Disintegrated leadership is like cancer. It tears apart the teams, effort is wasted and energy is executed inefficiently, time is wasted, people get exhausted and in the end all you have a is high rotation and morale down the floor. These are some of the things that cause this, taken from real life experience, from a senior C-level manager we had as a leader, but of course it didn't work and the cancer won.

Coherence
In more coloquial terms, walk the talk. Preach what you pray. There is nothing more demoralizing than a incoherent leader that says one thing and does another. It is very easy to set golden rules and say that you will lead this way or the other, but when reality bites, the actions are what count and they can talk different than what your mouth is saying. Actually, the main reason I created The Top Floor is to avoid falling into this behavior, as stated in the first post. The bottom line is: you should align mind, body and soul, and cut the crap.

Vertical Structure
'I don't want to be bothered by your problems or sit down and understand what your whole department is doing, so from now on you report to this manager'... After saying (in an indirect manner, making the incoherence stronger) variations of this quote to different mid-level managers, you can turn a 10+ direct reports to a vertical structure of 4, with managers piled up one below another, and shoulder to shoulder with specialists and analysts. So what happens next? Power is dissipated, people don't know who to follow: your new report? your old boss? where is your strategy? After this, meetings are next to guys with 1/3 of your salary, which is not a good sign for you. Get ready to get restructured.
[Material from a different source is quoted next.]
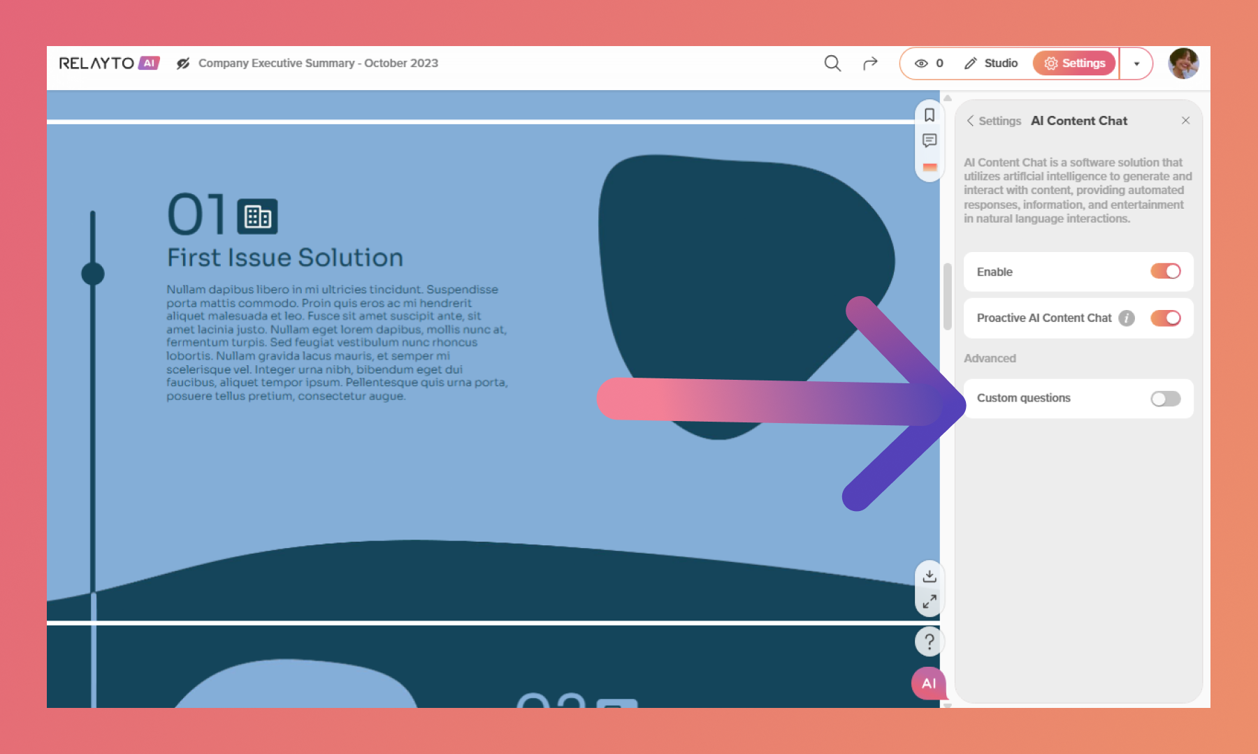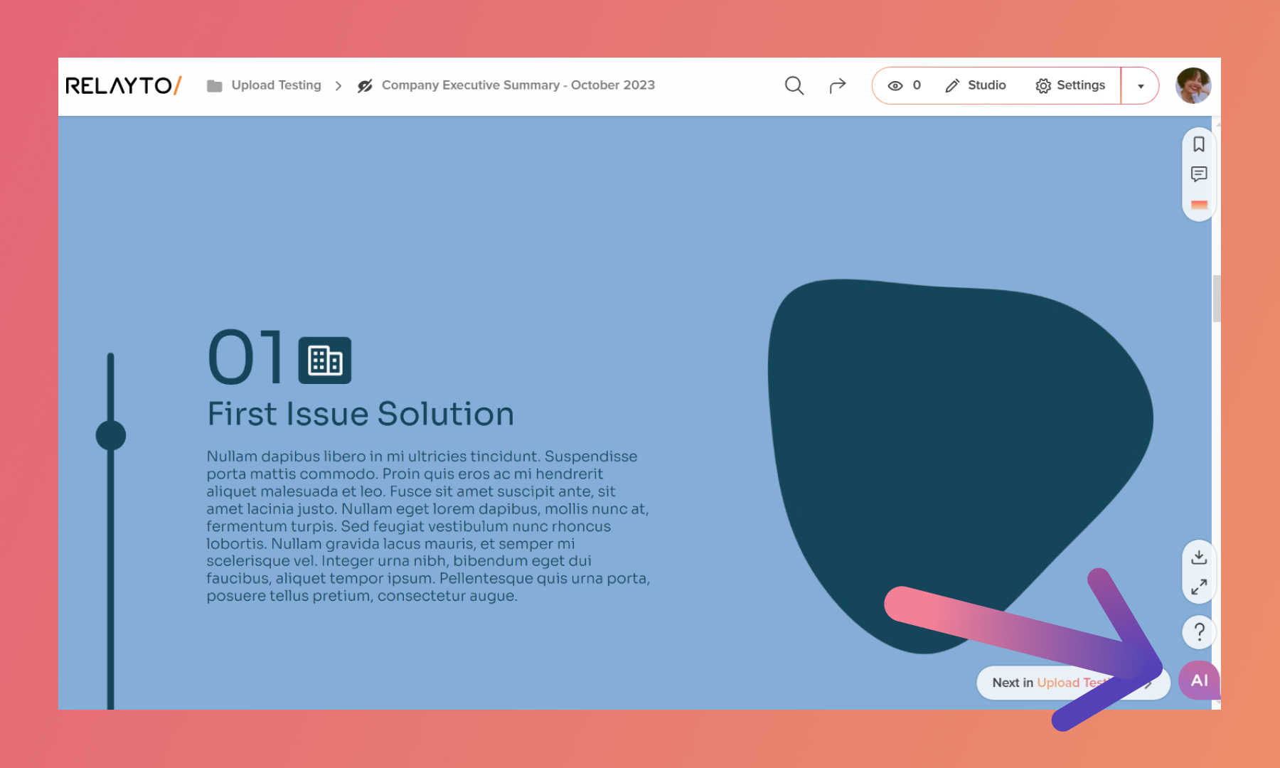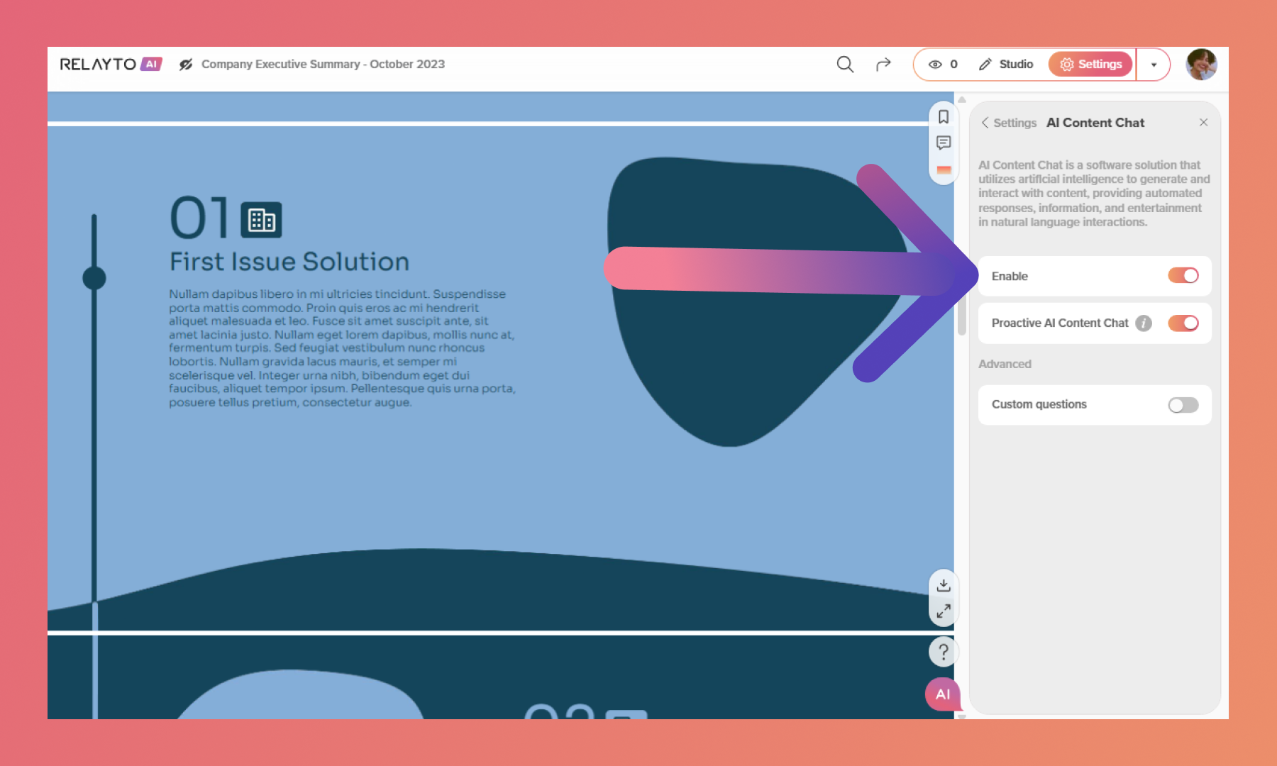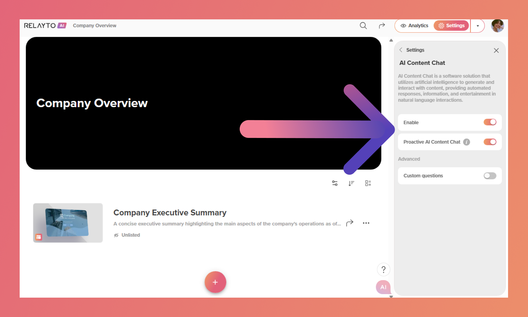 Open a digital experience or hub. The AI reads all content types in your workspace—PDFs, videos, images, audio, links, and more. To activate AI Chat, just open the content or hub you want it to reference.

Holy Wars with half the company
All companies have a core business. For example in a law firm, it's the lawyers, in an airline it's the pilots. The main leader of the company (CEO, note C is for Chief, not Crappy) simply cannot forever be in a "Holy War" with the core business talent. In some companies this will account for half the headcount or more. Regardless of size, the leader must have a conciliatory attitude, and the main goal is to get everyone aboard the same train, not pretend to leave people behind or don't care if some teams, even the core of the company, hop on, or do zero effort to mend that situation. It's easy to yield the excuse "P&L first", but for 21st century, it is "People First".

Zero involvement
The perfect team working for you is like this: wake up, get to work and find all the reports on the desk, in the mobile phone, email and middle managers coming in to your office in synchronized order to brief you on each department. Everything works perfect. Reality: people get caught up in meetings, information and reports are delayed, problems arise that can delay things, managers get caught in day-to-day basis, and might need help solving stuff. The problem: Leader is too busy, or dealing with more important stuff to not go through his whole team every 1,2,3 or whatever weeks it takes. It doesn't matter if some areas are very organized and don't need help, it's good for morale to show support and interest. It makes a whole world of difference to empower the managers and make people feel they have an impact on what they are doing.

Criteria formed from 3rd parties
Continuing from 'zero involvement' comes how your form a criteria of someone's work. Impossible if you are not leading (hence, getting involved), so you will end up forming what you think of someone's work based on what people around tell you, which, as you now, some people will take advantage of and throw dirty water on anyone's job, actions, put words where they don't belong and many other dark things you can imagine humans do. It is not an option: Leadership means getting to know the people, their works, their way of thinking. An interesting thought: Tim Cook from Apple mentioned in some interview how to disconnect from the day to day basis of the job, he visited the stores, to talk to customers and salesmen. That simple act will make a difference on your life and the life of the people you talk to. He will not get told how the stores are, he will know first hand.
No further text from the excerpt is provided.